Please refresh my memory on how I would take the limit as x -> infinity of
$\displaystyle [3x + sin(x)] / [4x - cos(2x)]$
Thanks.
This isn't a rigorous way to do it, but it makes sense I think. I feel like a proper proof would require a bounding function.
$\displaystyle \lim_{x \rightarrow \infty} \frac{3x+\sin(x)}{4x-\cos(2x)}$
Rewrite cos(2x) in terms of sin(x).
$\displaystyle ... \frac{3x+\sin(x)}{4x-(1-2\sin^2(x))} = \frac{3x+\sin(x)}{4x+2\sin^2(x)-1}$
Factor out an x.
$\displaystyle \frac{x(3+\frac{\sin(x)}{x})}{x(4+\frac{2\sin^2(x)-1}{x})}$
Cancel x's and apply that the trig terms will tend to zero for large enough x.
Hope that's right
Yes, Jameson is correct we want to bound these functions.
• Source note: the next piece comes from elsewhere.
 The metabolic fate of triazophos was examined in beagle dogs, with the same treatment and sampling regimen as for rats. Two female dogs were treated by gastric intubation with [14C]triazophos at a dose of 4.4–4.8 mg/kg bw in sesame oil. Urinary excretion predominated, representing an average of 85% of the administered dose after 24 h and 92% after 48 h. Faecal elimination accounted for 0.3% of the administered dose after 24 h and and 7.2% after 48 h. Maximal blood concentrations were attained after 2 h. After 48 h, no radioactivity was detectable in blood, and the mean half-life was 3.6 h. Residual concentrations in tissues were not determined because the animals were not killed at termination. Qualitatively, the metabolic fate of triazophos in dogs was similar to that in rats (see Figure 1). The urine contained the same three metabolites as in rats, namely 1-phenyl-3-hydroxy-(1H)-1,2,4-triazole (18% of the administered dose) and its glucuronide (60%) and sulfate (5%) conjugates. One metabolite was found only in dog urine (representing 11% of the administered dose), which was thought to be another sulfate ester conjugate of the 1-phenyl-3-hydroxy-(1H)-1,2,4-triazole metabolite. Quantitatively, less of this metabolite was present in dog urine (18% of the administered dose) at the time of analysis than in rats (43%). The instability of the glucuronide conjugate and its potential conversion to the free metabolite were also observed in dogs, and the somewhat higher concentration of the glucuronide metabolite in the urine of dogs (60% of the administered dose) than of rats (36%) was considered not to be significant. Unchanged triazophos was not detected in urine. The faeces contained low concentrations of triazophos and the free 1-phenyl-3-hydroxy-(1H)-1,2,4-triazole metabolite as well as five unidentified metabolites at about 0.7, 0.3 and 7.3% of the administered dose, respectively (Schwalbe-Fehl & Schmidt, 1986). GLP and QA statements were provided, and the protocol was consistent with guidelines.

So how do we do that?
First let us find an upper bound, to make this fraction as big as it can possibly be we must merely make the numerator as big as possible and the denominator as small as possible. Now remembering that $\displaystyle |\sin)x_|,|\cos(x)|\leqslant 1$ we can see that for sufficiently large x that
$\displaystyle \frac{3x+\sin(x)}{4x-\cos(2x)}\leqslant\frac{3x+1}{4x-1}$
Now let us bound it from below. We want to do the opposite. We want to make the numerator as small as possible and the denominator as large as possible so
$\displaystyle \frac{3x-1}{4x+1}\leqslant\frac{3x+\sin(x)}{4x-\cos(2x)}$
Putting these together we arrive at
for sufficiently large x
$\displaystyle \frac{3x-1}{4x+1}\leqslant\frac{3x+\sin(x)}{4x-\cos(2x)}\leqslant\frac{3x+1}{4x-1}$
So now you can prove by $\displaystyle \delta-\varepsilon$ defintion that
$\displaystyle \lim_{x\to\infty}\frac{3x-1}{4x+1}=\lim_{x\to\infty}\frac{3x+1}{4x-1}=\frac{3}{4}$
So we finally arrive at
$\displaystyle \frac{3}{4}\leqslant\lim_{x\to\infty}\frac{3+\sin( x)}{4x-\cos(2x)}\leqslant\frac{3}{4}$
And by the squeeze theorem this implies that $\displaystyle \lim_{x\to\infty}\frac{3x+\sin(x)}{4x-\cos(2x)}=\frac{3}{4}$
I hope that helps.
Hello,
$\displaystyle \lim_{x \to \infty} \frac{3x+\sin(x)}{4x-\cos(2x)}=\lim_{x \to \infty} \frac{3+\frac{\sin(x)}{x}}{4-\frac{\cos(2x)}{x}}$
I'll find those A and B.
We all know that $\displaystyle -1\le \cos(x)\le 1$ for any x, and the same goes for the sine.
Let's care about the numerator :
$\displaystyle -1 \le \sin(x) \le 1$
$\displaystyle -\frac 1x \le \frac{\sin(x)}{x} \le \frac 1x$
$\displaystyle \boxed{3-\frac 1x \le 3+\frac{\sin(x)}{x} \le 3+\frac 1x}$
Now, let's care about the denominator :
$\displaystyle -1 \le -\cos(2x) \le 1$ (there's no difference whether you consider -cos(2x) or cos(2x), you can show it by multiplying the inequality by -1)
[...]
$\displaystyle 4-\frac 1x \le 4-\frac{\cos(2x)}{x} \le 4+\frac 1x$
Hence :
$\displaystyle \boxed{\frac{1}{4+\frac 1x} \le \frac{1}{4-\frac{\cos(2x)}{x}} \le \frac{1}{4-\frac 1x}}$
From the two boxed stuff, we can say :
$\displaystyle \frac{3-\frac 1x}{4+\frac 1x} \le \frac{3+\frac{\sin(x)}{x}}{4-\frac{\cos(2x)}{x}} \le \frac{3+\frac 1x}{4-\frac 1x}$
And you're done
Edit : aaack... too slow